# [Work to be completed]
Repeat the records below verbatim and include no pictures.

# [Dataset content]
· · ·

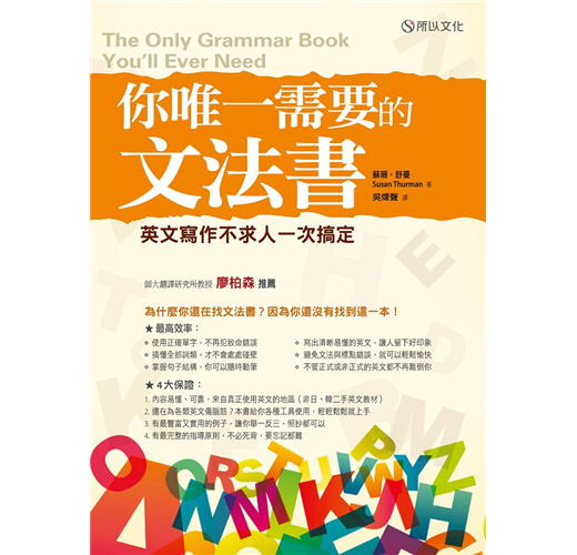 《你唯一需要的文法書》是一本美國老師寫給美國讀者看的暢銷文法書,台灣讀者更可受惠良多。書中對英文文法的闡釋言簡意賅、操作性強、又具豐富實例,同時提供英文拼字標點規則、文法句構觀念和各式文體的寫作技巧,充分體現The only grammar book you’ll ever need的精神,可謂一舉數得。講求學習效率的現代讀者,可用本書取代厚重如磚、繁複抽象的傳統文法教科書。
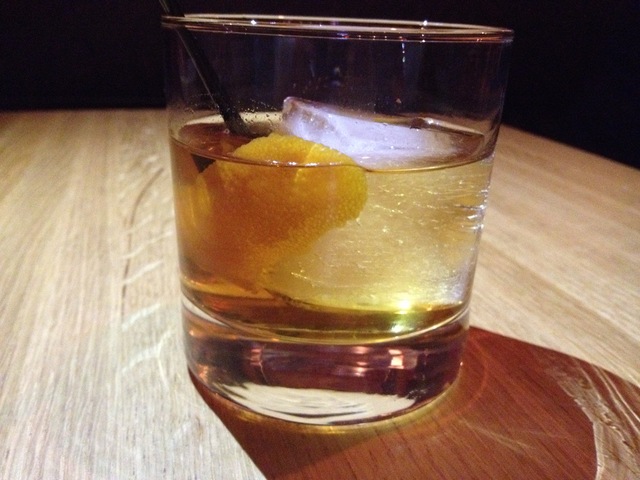 A couple of barreled cocktails that caught my eye with their fusion of southwest and European liquors. The first is the batched EL Lobo at Barrel (613 Pennsylvania Avenue SE). It is made with Montalobos Mescal, Liquor 43, Bonal (a French bitter aperitif) and topped with a dash of cherry bitters. It starts out smoky and rich with mescal flavor, but as the single ice cube melts, it softens to the sweeter taste of an after dinner brandy cordial with hints of dried cherry.
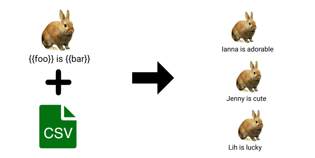 - It automatically replaces all occurrences of {{foo}} and {{bar}} with the content inside the csv file and exports the final image files for you.
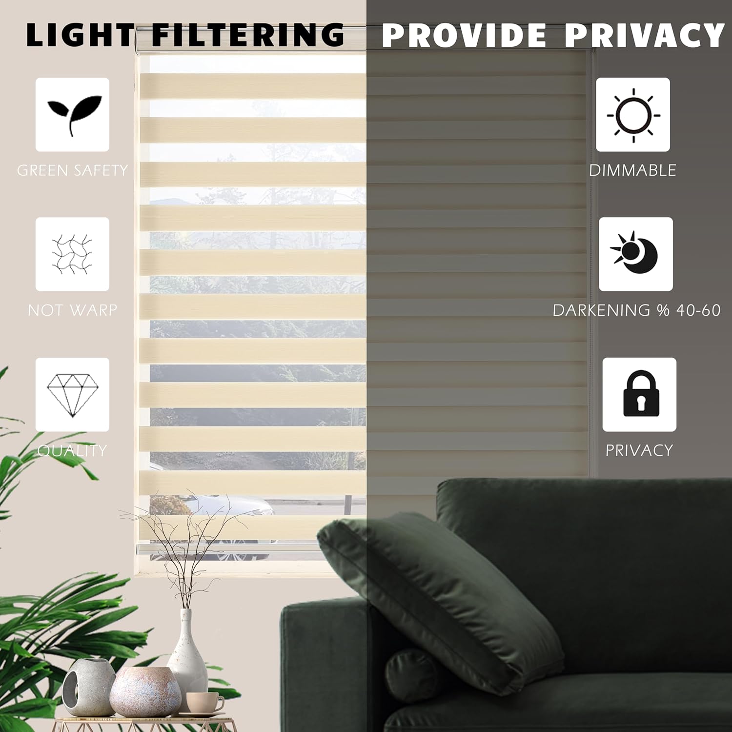 - Zebra Shades combine alternating sheer and solid fabric bands in a single shade. It can block light from entering and provide privacy. JIANGPIN TEXTILE window blinds help you decorate your space and enhance its appearance. Decorate your living room, dining room, kitchen, bedroom, bathroom, office, and commercial space.
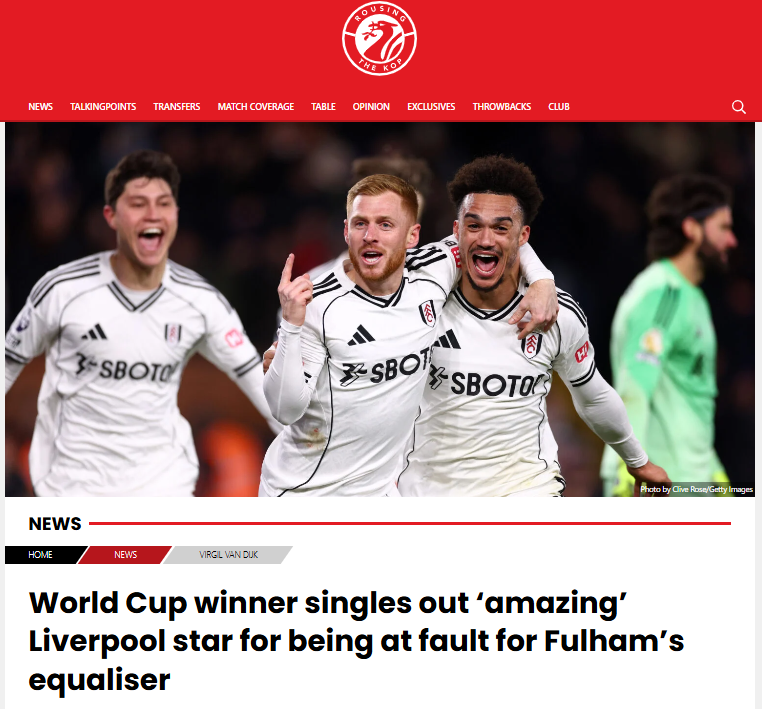 A liverpooli Rousing The Kop, amely idézi, a cikke címének ezt adta: A világbajnok a „csodálatos” Liverpool-sztárt hibáztatta a Fulham egyenlítő góljáért. Lássuk be, ez elég pikírt címadás, és egy korábbi, decemberi cikkükre utalnak, amelyben Erling Haaland, a Manchester City sztárja dicsérte Van Dijkot.

· · ·

# [Your response]
 《你唯一需要的文法書》是一本美國老師寫給美國讀者看的暢銷文法書,台灣讀者更可受惠良多。書中對英文文法的闡釋言簡意賅、操作性強、又具豐富實例,同時提供英文拼字標點規則、文法句構觀念和各式文體的寫作技巧,充分體現The only grammar book you’ll ever need的精神,可謂一舉數得。講求學習效率的現代讀者,可用本書取代厚重如磚、繁複抽象的傳統文法教科書。
 A couple of barreled cocktails that caught my eye with their fusion of southwest and European liquors. The first is the batched EL Lobo at Barrel (613 Pennsylvania Avenue SE). It is made with Montalobos Mescal, Liquor 43, Bonal (a French bitter aperitif) and topped with a dash of cherry bitters. It starts out smoky and rich with mescal flavor, but as the single ice cube melts, it softens to the sweeter taste of an after dinner brandy cordial with hints of dried cherry.
 - It automatically replaces all occurrences of {{foo}} and {{bar}} with the content inside the csv file and exports the final image files for you.
 - Zebra Shades combine alternating sheer and solid fabric bands in a single shade. It can block light from entering and provide privacy. JIANGPIN TEXTILE window blinds help you decorate your space and enhance its appearance. Decorate your living room, dining room, kitchen, bedroom, bathroom, office, and commercial space.
 A liverpooli Rousing The Kop, amely idézi, a cikke címének ezt adta: A világbajnok a „csodálatos” Liverpool-sztárt hibáztatta a Fulham egyenlítő góljáért. Lássuk be, ez elég pikírt címadás, és egy korábbi, decemberi cikkükre utalnak, amelyben Erling Haaland, a Manchester City sztárja dicsérte Van Dijkot.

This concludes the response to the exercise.